Yep, that's right folks.
McCarthy, who as the country's top civil servant presided over such "achievements" as social partnership, the bank guarantee, the explosion in wasteful public spending, and the EU/IMF bailout, rides off into the sunset with a lump sum of €570,000 and a guaranteed pension of €2,730 per week for the rest of his days.
Meanwhile those of us who were on the receiving end of his "achievements" can look forward to a future of higher taxes, unemployment, negative equity and emigration.
The scandalous McCarthy payouts are being replicated right across the upper echelons of the public sector as more and more fat cats retire before next February's deadline.
Anyone retiring from the public sector before the end of February 2012 will have their pension calculated on the basis of their final earnings before recent pay cuts.
McCarthy was one of the beneficiaries of this loophole.
His pension is based on the €284,000 per year he was paid before the cuts came into force rather than the €200,000 he was actually being paid at the time of his retirement.
Anyone retiring after the end of next February will have their pension calculated on the basis of their average career earnings, still much more generous than most of us in the private sector can look forward to but considerably less than senior bureaucrats have grown used to in recent years.

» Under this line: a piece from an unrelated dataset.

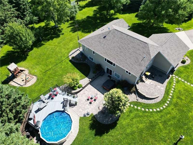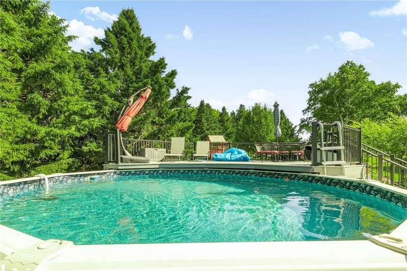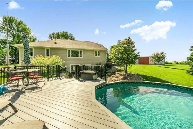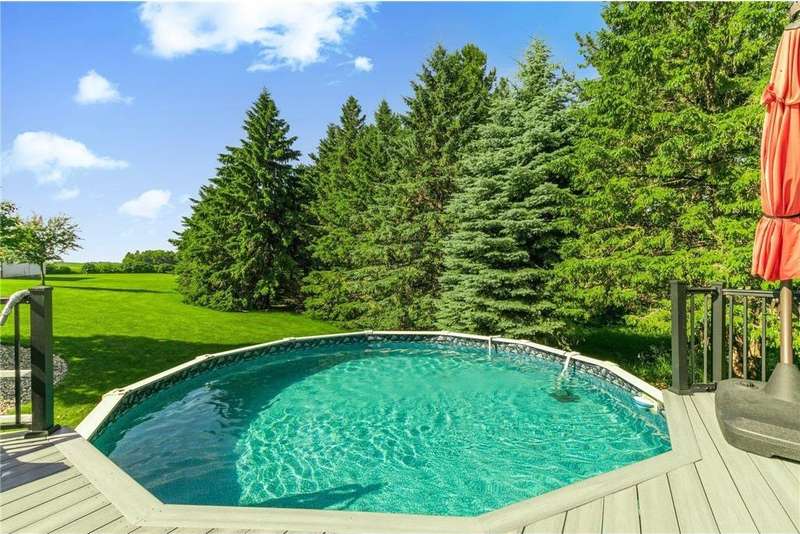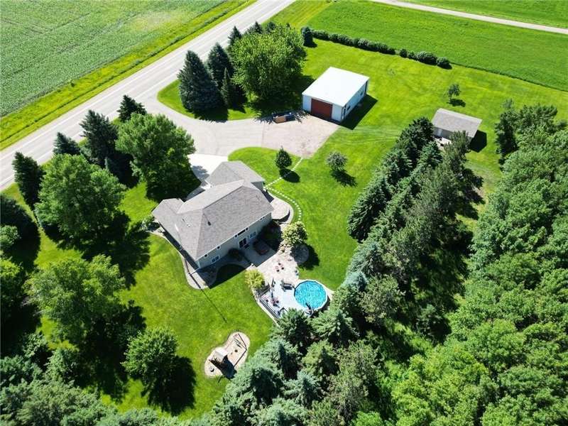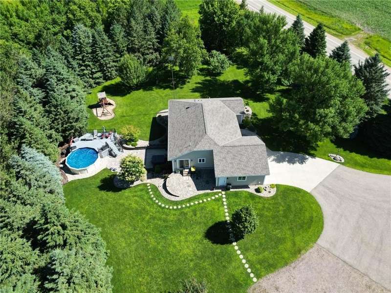 Charming Country Retreat on 12+ Acres – A Must-See! Professional photos coming. Don’t miss this beautifully maintained country home offering main-floor living and room to roam on over 12 scenic acres. Perfectly suited for hobby farming or peaceful rural living, this property comes equipped with a spacious machine shed, extra garage, and plenty of room for livestock. Step inside to find a warm and inviting layout with modern comforts including geothermal heating and cooling, an off-peak water heater, and in-floor heat in the basement family room and bathroom—ideal for cozy winter nights. Enjoy sunny summer days by the above-ground pool or relax on the lovely patio, taking in views of the peaceful countryside. Whether you're seeking space to grow, a quiet escape, or a move-in ready homestead, this home has it all—and it won’t last long!

The Government hopes to use the November pension deadline as a carrot to persuade several thousand older public sector workers to retire.
This will allow it to meet its target, which it agreed with the EU and the IMF at the time of last November's bailout, to cut public sector numbers by 25,000 by 2014.
This, in turn, is creating its own problems.
This summer several hundred experienced teachers retired early in order to benefit from the old, higher pension rates. Many more will go within months, leaving pupils without teachers in the middle of the academic year.
Garda representatives have also been vocal in their criticism of how these early retirements will work in practice, pointing out that they could leave up to 10pc of stations unmanned.
But there is a bigger problem.
With anyone who retires before the end of February set to receive half of their original, ie. higher, salary, the savings which will be generated by reducing public sector numbers will be minimal. And that is before taking into account the cost of the lump sums.
Even based on the average public sector pay levels of €50,000, 10,000 retirements by the end of February 2011 would trigger €750m of lump sum payments, the vast bulk of tax free.
That means it will take many years before the cut public sector numbers will generate any meaningful savings for the exchequer.
Do we need any further evidence that this crazy system is badly in need of reform?
Until it is though, McCarthy and many of his former colleagues will be laughing all the way to the bank.
And what about us private sector workers? We poor saps will, as usual, end up footing the bill.